Oregon Roads - Old OR/US 99 - Sunny Valley Loop
Sunny Valley Loop, former OR/US 99
The main reason anyone uses Sunny Valley Loop is to view the Grave Creek Bridge, built in 1920 as part of the Pacific Highway and incorporated into the original US 99. These photos head north from I-5 Exit 71 like most tourists would, which is why the covered site marker is on this side.
After crossing the bridge, most people just return to the Interstate because despite the name, Sunny Valley does not Loop. You can see some attempt to provide yellow center striping on the paved road to the north, but it's just yellow spray paint on top of original (1950s-1960s) white centerline. Notice that it's all dashed despite the lack of passing sight distance.

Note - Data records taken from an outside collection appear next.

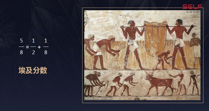 用现代数学表示,就是5/8等于1/2加1/8,它就是一个埃及素数。它是古埃及人刺在一种不易腐烂的树叶上的分配方案,是考古学家发现的。一个数称为埃及分数(视频中徐老师口误为“埃及素数”),如果它是有限个分子为一的分数之和,古埃及人在类似的分配方案中,意识到了素数的特性。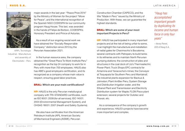As a result of our ongoing social work we have obtained the “ Socially Responsible Company ” distinction since 2013 by the Peruvian Association 2021 .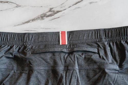 I tried them in Heather Gray in size M after reviewing the size chart. A few benefits of their “Global Recycle Standard polyester” blend is that they dry fast, have a four-way stretch and are moisture-wicking. These are all good qualities that make them contenders for having in my bag on a travel day. I like the secure back pocket, and the hidden phone pocket at the front.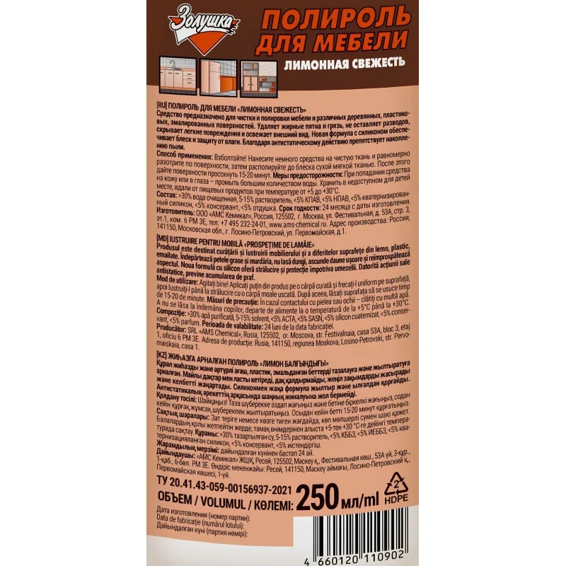 Назначение. Средство предназначено для ухода за полированной и неполированной мебелью, а также для чистки и полировки мебели и различных деревянных, пластиковых, лакированных и окрашенных поверхностей. Легко удаляет жирные пятна и грязь, следы от пальцев, скрывает легкие повреждения и освежает внешний вид. Усиленная формула с силиконом обеспечивает блеск и защиту от влаги и пыли. Благодаря антистатическому и антиадгезионному действию полироль препятствует накоплению пыли.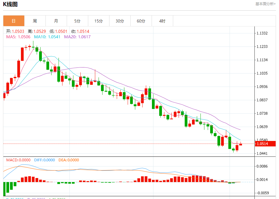周四盘中,欧元/美元报1.0515,涨幅0.10%。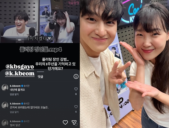 1년이 지난 지금까지도 두 사람의 케미가 꾸준히 회자되는 가운데 김범은 "벌써 일년"이라는 댓글을 남기고 추억했다. 또한 "은지씨 보러왔는데 없다네요. 오늘은"이라며 내심 실망하기도. 그는 "내년에 올게요"라고 덧붙였다.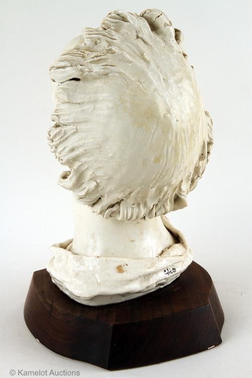 The earliest known Cybis depiction of a saint is this one, which Cybis in Retrospect cited as Head of Saint John from 1948, thirteen inches high and an “experimental one of a kind sculpture in glazed porcelain.” The black signature is not original to the bust. It was added during the 1990s or 2000s by the Chorlton studio.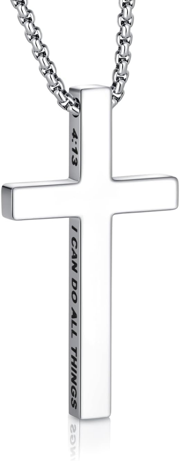 Mens Cross Necklace Bible Philippians 4:13 Cross Pendant Necklaces Chain for Men

Here it's just striped all over the place. No passing, driving, turning, or stopping.
The yellow fades and white shines through as I continue north to pavement's dead end, impaled by a power line support. The path continuing on is a dead-end unrelated to US 99. The original route went downhill from here to rejoin what was then US 99's valley alignment, which became what's now I-5, and that's why this is called "Loop."
The northern drivable end is curved west on the side of St. Peter Mountain, so as I turn left I'm facing south toward Sexton Mountain, another one that US 99 had to climb.
All the way back down the hill and back to civilization. With a side street (Placer Rd.) intersecting just north of a one-lane bridge, there's active vehicle detection to keep things sane. Traffic volumes are low and generally would use Placer Rd., but there is an amount of tourist traffic that wouldn't expect the side street and would want to just U-turn, making this necessary.